+++ Input records +++

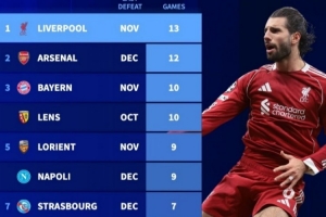 五大联赛球队目前不败场次榜:利物浦13场居首,阿森纳12场次席
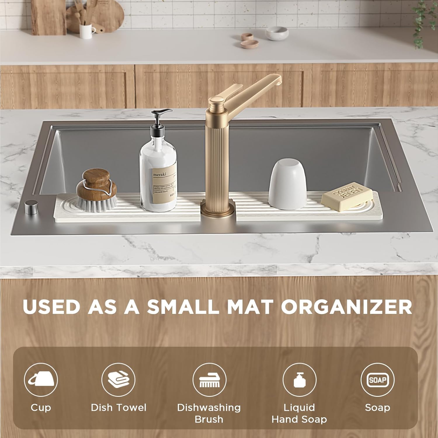 - 𝐒𝐢𝐧𝐤 𝐌𝐚𝐭 & 𝐎𝐫𝐠𝐚𝐧𝐢𝐳𝐞𝐫: This mat serves a dual purpose in your sink area. In addition to effectively absorbing water around the faucet, it functions as a practical holder for soap, toothbrushes, cups, dish sponges, and other items that require drying, keeping your countertops clean and dry
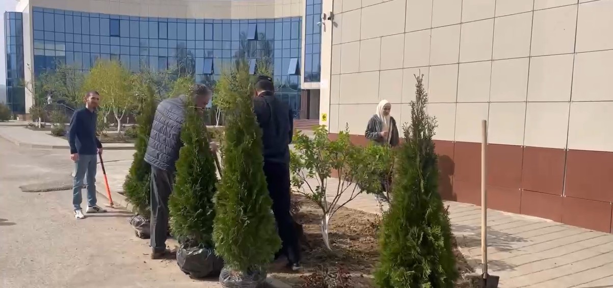 Сотрудники ГБПОУ «ГПК имени С. С-А. Джунаидова» продолжают работу по озеленению территории.
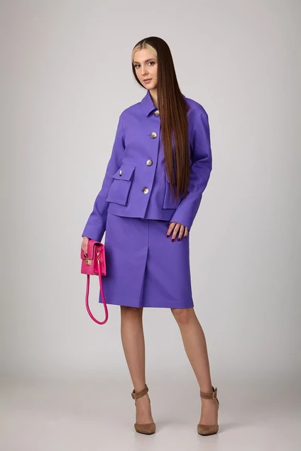 Комплект женский на подкладке из джинсовой ткани. Жакет прямого силуэта, по переду нагрудные вытачки и объемные карманы-портфели с клапанами. Пройма спущена, рукава узкие. Воротник с притачной стойкой. Застегивается на 4 пуговицы. Юбка прямая с наклонными карманами и складкой по переду , с широким поясом-обтачкой. Застегиваются на молнию сзади. Цвет розовый.
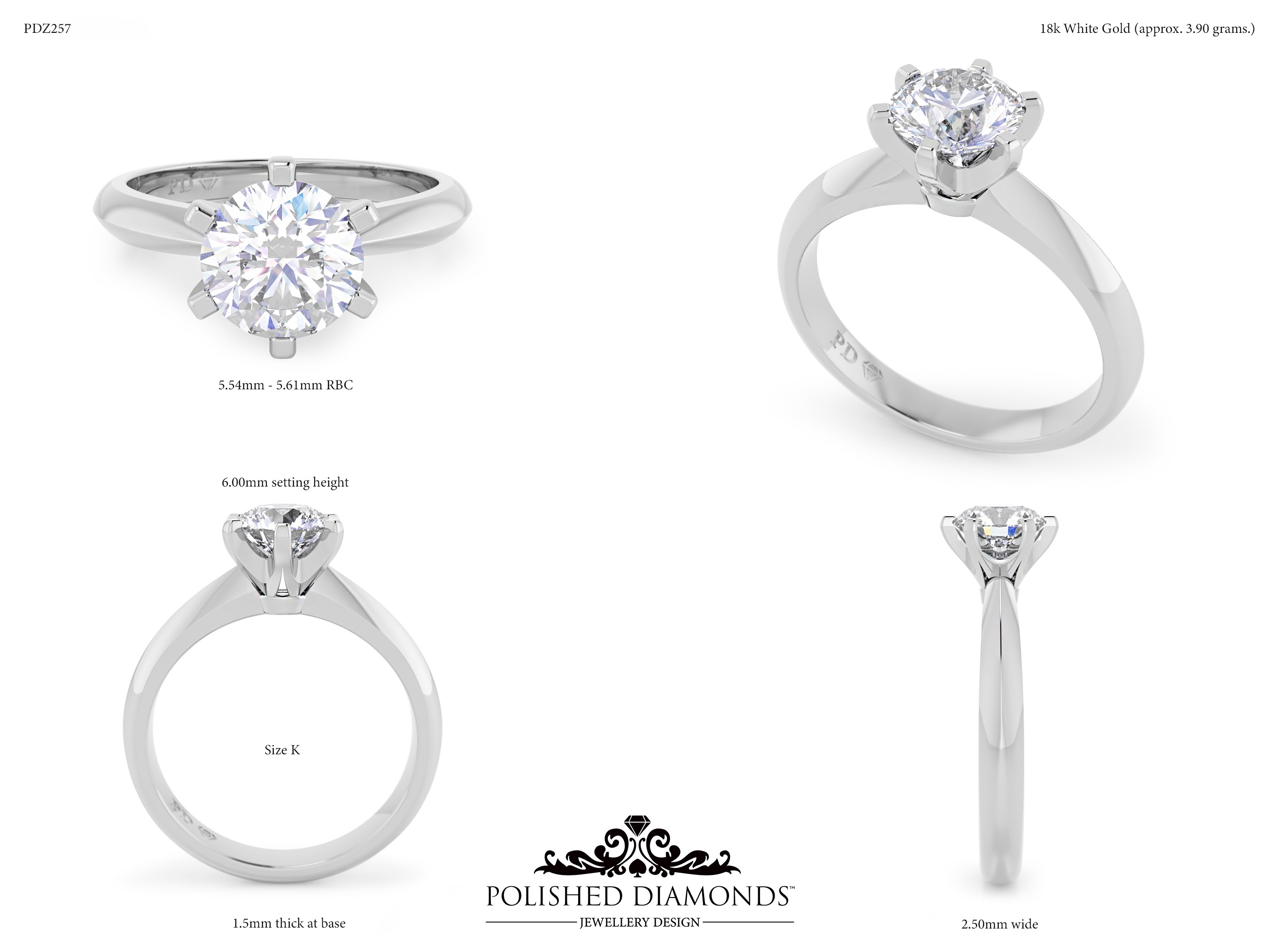 A handcrafted round solitaire ring. Product ID PDZ257. Elegant, timeless, and made with expert craftsmanship.
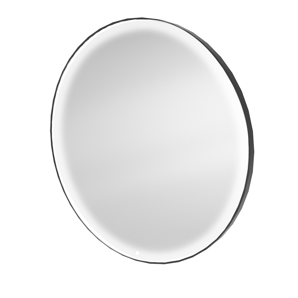 Зеркало парикмахерское округлой формы. Зеркало оснащено светодиодной подсветкой с сенсорным выключателем и диммером. Рама зеркала черного цвета. Крепление к стене.
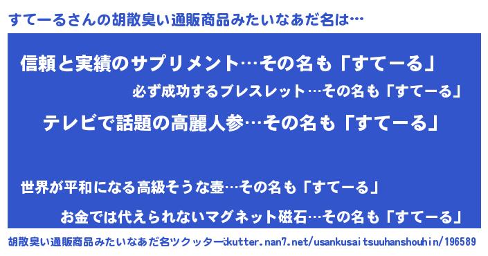 | ピコ太郎風あだ名 | 『ステ次郎』『スス太郎』『スコ史郎』 |
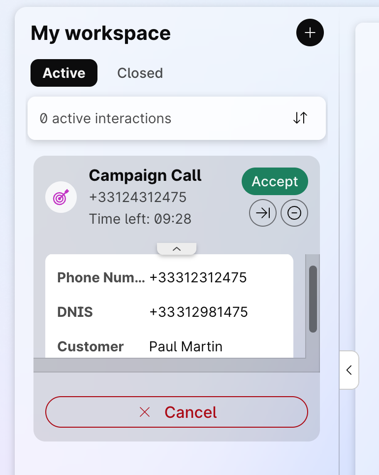 A Preview dialing mode allows an agent to view the contact information before a call is initiated. Upon creating a campaign and assign to a team, the agent can view the contact's information. After viewing the information, an agent can accept or reject the call. If an agent accepts the call, the system places the call to the customer.
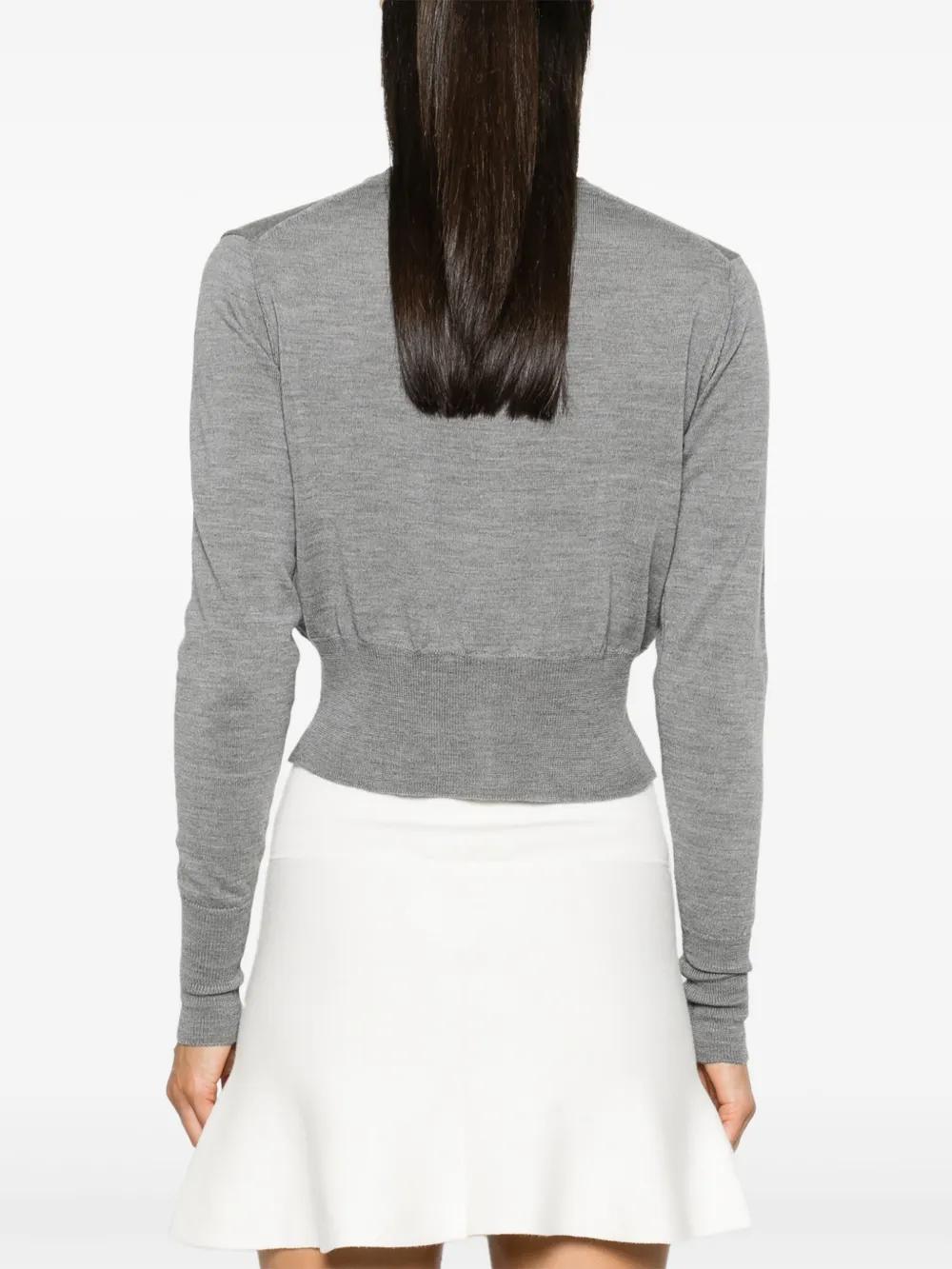 grey virgin wool fine knit mélange effect front button fastening ribbed trim crew neck long sleeves embroidered logo at the chest straight hem cropped
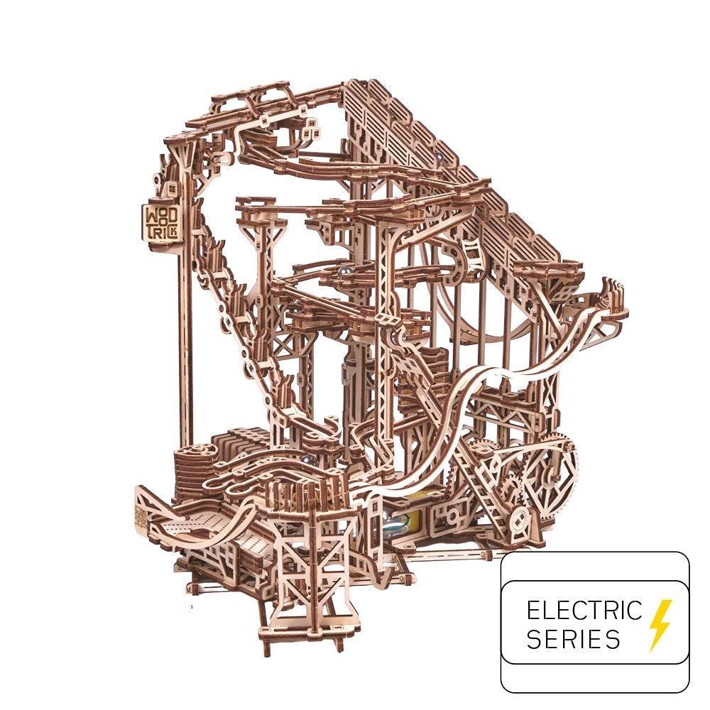 Elektrische Kugelbahn aus Holz mit 557 lasergeschnittenen Teilen. Kein Sägen, Schneiden oder Kleben nötig. Bauzeit von etwa 8 Stunden. Modellgrösse: 33,2 x 33,2 x 31,6 cm.
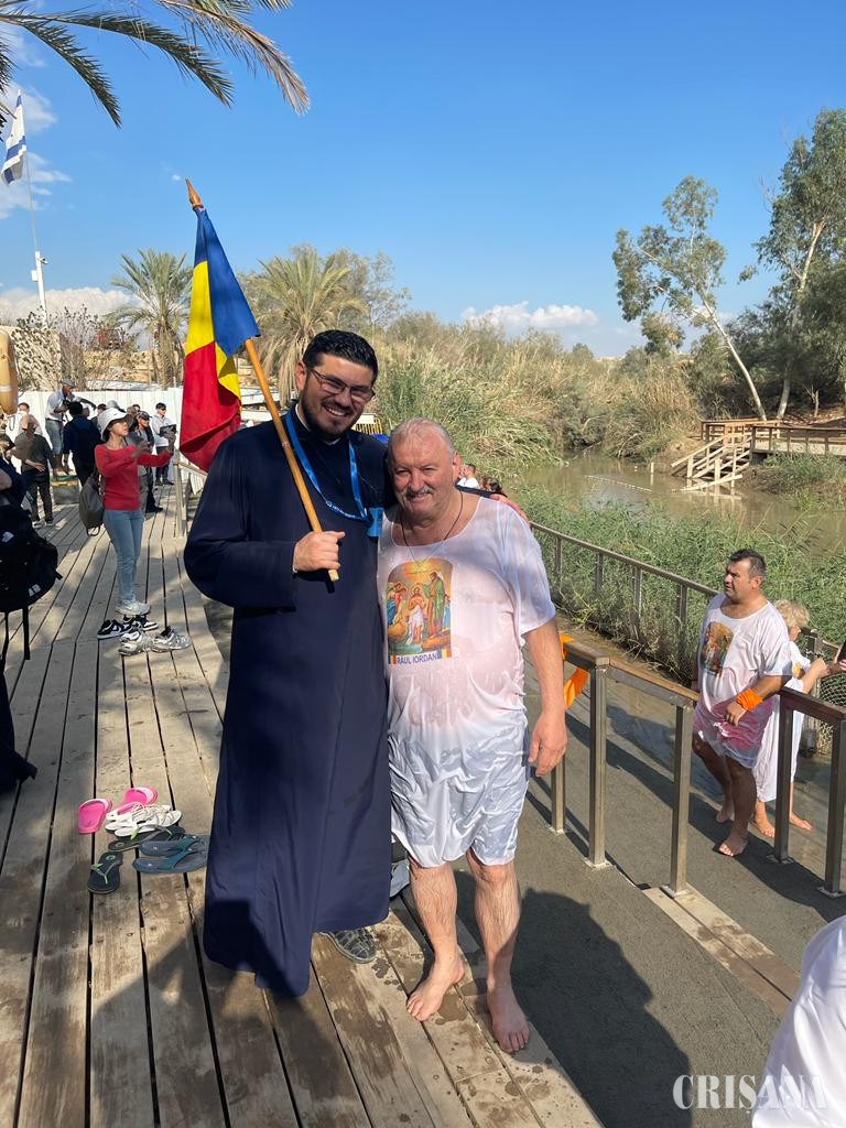 Spre marea mea mirare, deși fusesem încălzit înainte de căldura deșertului Hozevei, după intrarea în apa Iordanului, nu numai că nu am făcut pneumonie sau răceală, dar nu am avut nici măcar un semn de guturai, ci dimpotrivă m-am simțit mai sănătos ca nicicând. Am făcut o fotografie cu preotul Pașca, după ce i-am destăinuit emoția trăită de Bobotează în copilărie și apoi ne-am îndreptat cu toții spre vestiare să ne echipăm, după ce am primit fiecare din partea preoților noștri îndrumători câte un certificat de botez în râul Iordan. (Va urma)
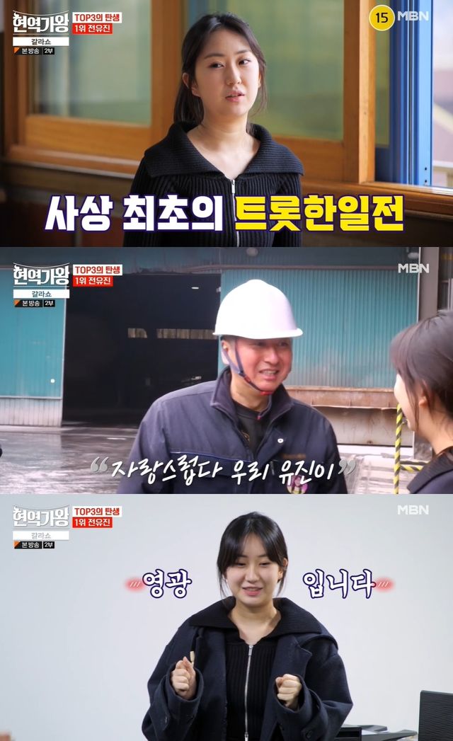 이에 전유진은 "현역가왕이 된 게 감사하고 기쁘지만, 먼저 탈락한 분들도 있고 1위가 주는 책임감 때문에 웃지 못했던 것 같다"라고 털어놨다.
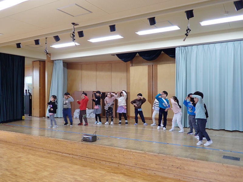 本日は、午前中の各クラスの活動をお知らせいたします。1.ゆり組さんがステージで発表会の練習をしていました。

+++

**Required action**
Please set down, exactly and with nothing added, the lines from the line with "Spre marea mea" to the end of the entries above, omitting pictures.

**Output for this exercise**
 Spre marea mea mirare, deși fusesem încălzit înainte de căldura deșertului Hozevei, după intrarea în apa Iordanului, nu numai că nu am făcut pneumonie sau răceală, dar nu am avut nici măcar un semn de guturai, ci dimpotrivă m-am simțit mai sănătos ca nicicând. Am făcut o fotografie cu preotul Pașca, după ce i-am destăinuit emoția trăită de Bobotează în copilărie și apoi ne-am îndreptat cu toții spre vestiare să ne echipăm, după ce am primit fiecare din partea preoților noștri îndrumători câte un certificat de botez în râul Iordan. (Va urma)
 이에 전유진은 "현역가왕이 된 게 감사하고 기쁘지만, 먼저 탈락한 분들도 있고 1위가 주는 책임감 때문에 웃지 못했던 것 같다"라고 털어놨다.
 本日は、午前中の各クラスの活動をお知らせいたします。1.ゆり組さんがステージで発表会の練習をしていました。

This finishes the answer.